You can perform the operation in a single linear pass instead of recursion, if you realize the integer numbers are a computer’s intrinsic variant of “on off” patterns and iterating over the appropriate integer range will ultimately produce all possible permutations. The only challenge in your case, is to transfer the densely packed bits of an integer number to the target bits of a BitSet.

Here is such a solution:

static List<BitSet> powerset(BitSet set) {
    int nBits = set.cardinality();
    if(nBits > 30) throw new OutOfMemoryError(
        "Not enough memory for "+BigInteger.ONE.shiftLeft(nBits)+" BitSets");
    int max = 1 << nBits;
    int[] targetBits = set.stream().toArray();
    List<BitSet> sets = new ArrayList<>(max);
    for(int onOff = 0; onOff < max; onOff++) {
        BitSet next = new BitSet(set.size());
        for(int bitsToSet = onOff, ix = 0; bitsToSet != 0; ix++, bitsToSet>>>=1) {
            if((bitsToSet & 1) == 0) {
                int skip = Integer.numberOfTrailingZeros(bitsToSet);
                ix += skip;
                bitsToSet >>>= skip;
            }
            next.set(targetBits[ix]);
        }
        sets.add(next);
    }
    return sets;
}

It uses an int value for the iteration, which is already enough to represent all permutations that can ever be stored in one of Java’s builtin collections. If your source BitSet has 2³¹ one bits, the 2³² possible combinations do not only require a hundred GB heap, but also a collection supporting 2³² elements, i.e. a size not representable as int.

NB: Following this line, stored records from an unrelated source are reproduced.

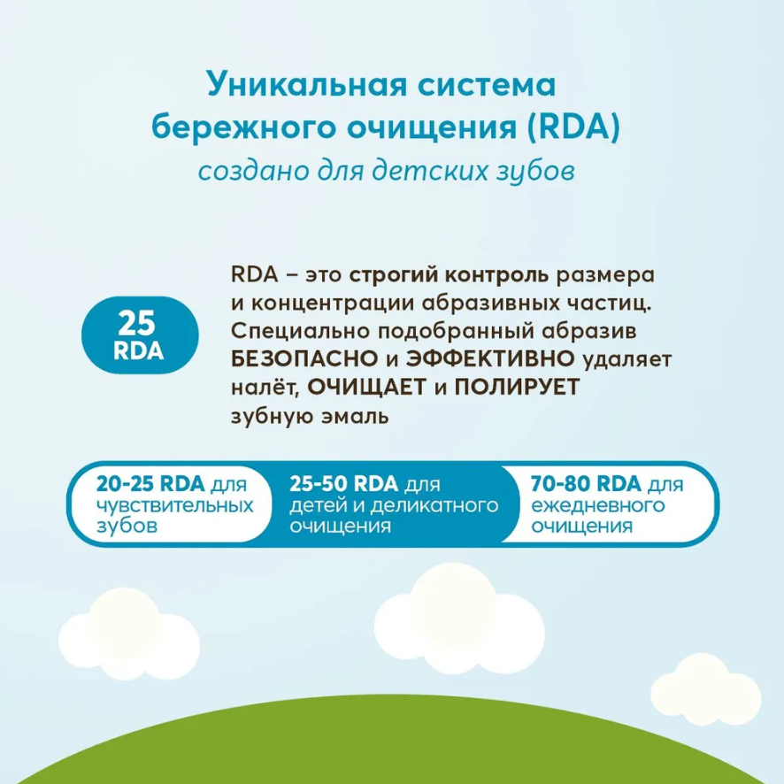 RDA – это строгий контроль за размером и концентрацией абразивных частиц. Специально подобранный абразив безопасно и эффективно удаляет налёт, очищает и полирует зубную эмаль.
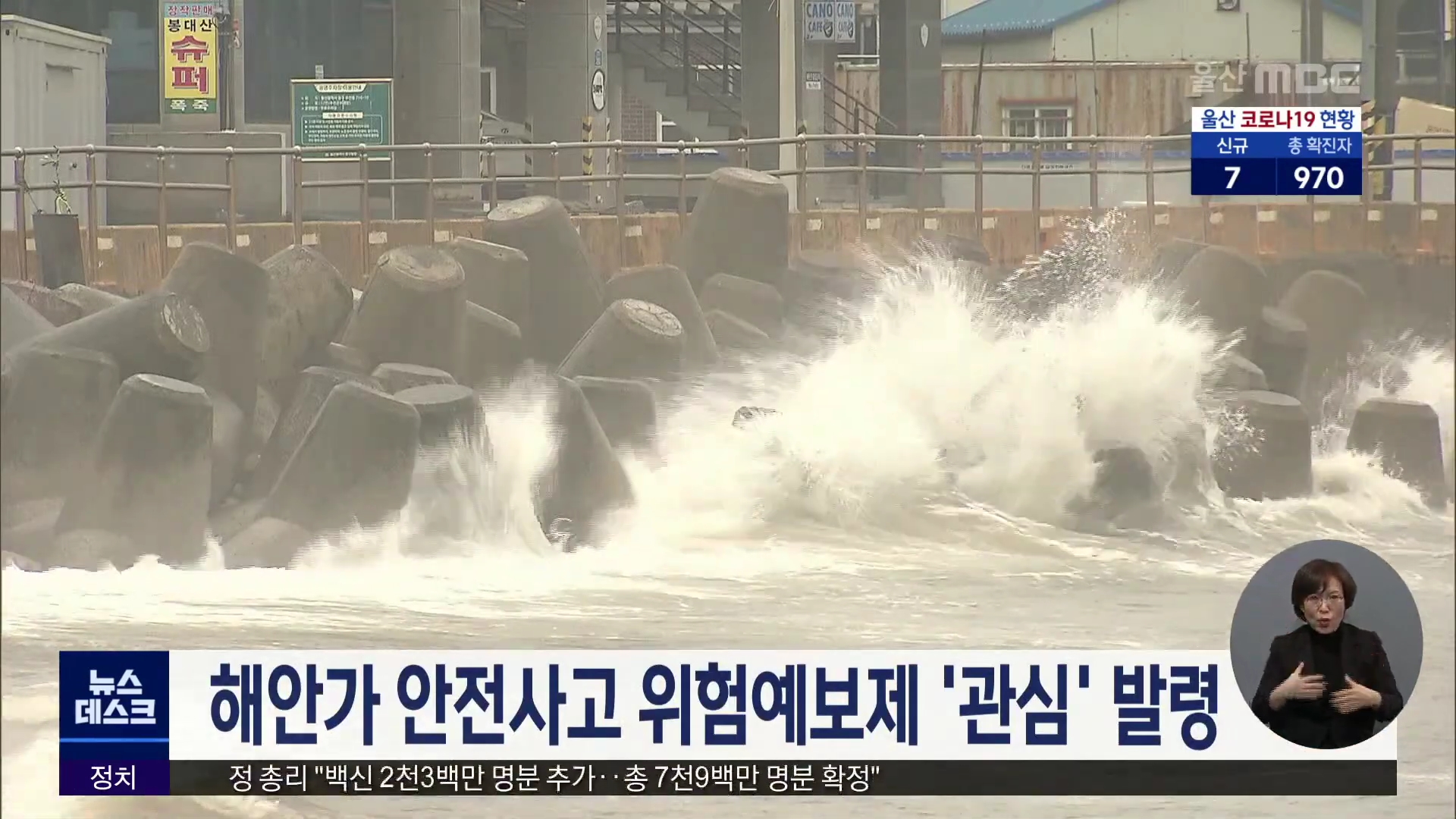 울산해양경찰서는 해안가에 강풍을 동반한 너울성 파도가 예상됨에 따라 오늘(2/16)부터 5일간 연안안전사고 위험예보제 '관심' 단계를 발령한다고 밝혔습니다. 해경은 위험예보제 발령 기간 동안 사고 발생이 우려되는 항포구, 갯바위, 방파제 등을 중심으로 순찰 활동을 강화할 예정입니다. //
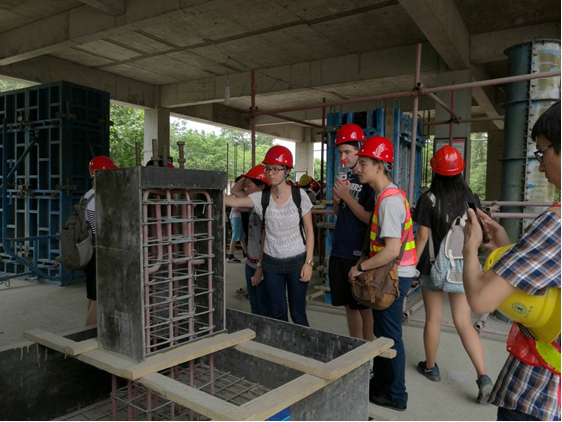 7月12日,yl23455永利集团建筑与环境学院2014级土木工程的全体同学以及来自英国、澳大利亚的19名外国交流学生在阎慧群、丁志斌、钟声、张瑶、游翔五位老师的带领下,乘车前往位于德阳市的四川建筑职业技术学院进行实地参观实习。上午8:30,全体同学到达集合地点,此时下起了暴雨,在去乘车的途中虽然打了伞但身上还是被雨水淋湿,但同学们并没有抱怨,也没有以此为借口不参加实习,11:30到达目的地。

So the code above terminates early if the number exceeds the capabilities, without even trying. You could rewrite it to use a long or even BigInteger instead, to keep it busy in such cases, until it will fail with an OutOfMemoryError anyway.

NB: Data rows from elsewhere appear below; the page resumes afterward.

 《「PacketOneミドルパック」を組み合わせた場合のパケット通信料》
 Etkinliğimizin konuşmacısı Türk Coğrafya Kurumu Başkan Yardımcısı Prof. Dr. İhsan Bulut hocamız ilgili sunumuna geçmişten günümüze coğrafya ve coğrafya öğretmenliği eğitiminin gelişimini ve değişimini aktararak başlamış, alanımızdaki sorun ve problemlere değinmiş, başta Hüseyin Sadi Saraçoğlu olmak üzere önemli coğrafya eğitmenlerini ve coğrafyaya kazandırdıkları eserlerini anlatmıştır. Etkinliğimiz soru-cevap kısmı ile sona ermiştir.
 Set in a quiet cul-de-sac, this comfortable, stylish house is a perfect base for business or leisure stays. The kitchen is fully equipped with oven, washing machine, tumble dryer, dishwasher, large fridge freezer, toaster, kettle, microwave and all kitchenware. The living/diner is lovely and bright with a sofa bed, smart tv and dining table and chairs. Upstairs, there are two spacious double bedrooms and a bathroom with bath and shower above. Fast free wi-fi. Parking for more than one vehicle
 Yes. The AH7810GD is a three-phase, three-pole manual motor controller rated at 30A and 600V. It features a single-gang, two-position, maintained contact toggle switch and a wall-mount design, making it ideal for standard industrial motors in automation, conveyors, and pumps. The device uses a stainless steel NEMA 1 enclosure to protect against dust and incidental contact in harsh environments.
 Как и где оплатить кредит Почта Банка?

For the working cases, the int solution is the most efficient variant.

Note that the code returns a List rather than a HashSet to avoid the costs of hashing. The values are already known to be unique and hashing would only pay off if you want to perform lookups, i.e. call contains with another BitSet. But to test whether an existing BitSet is a permutation of your input BitSet, you wouldn’t even need to generate all permutations, a simple bit operation, e.g. andNot would tell you that already. So for storing and iterating the permutations, an ArrayList is more efficient.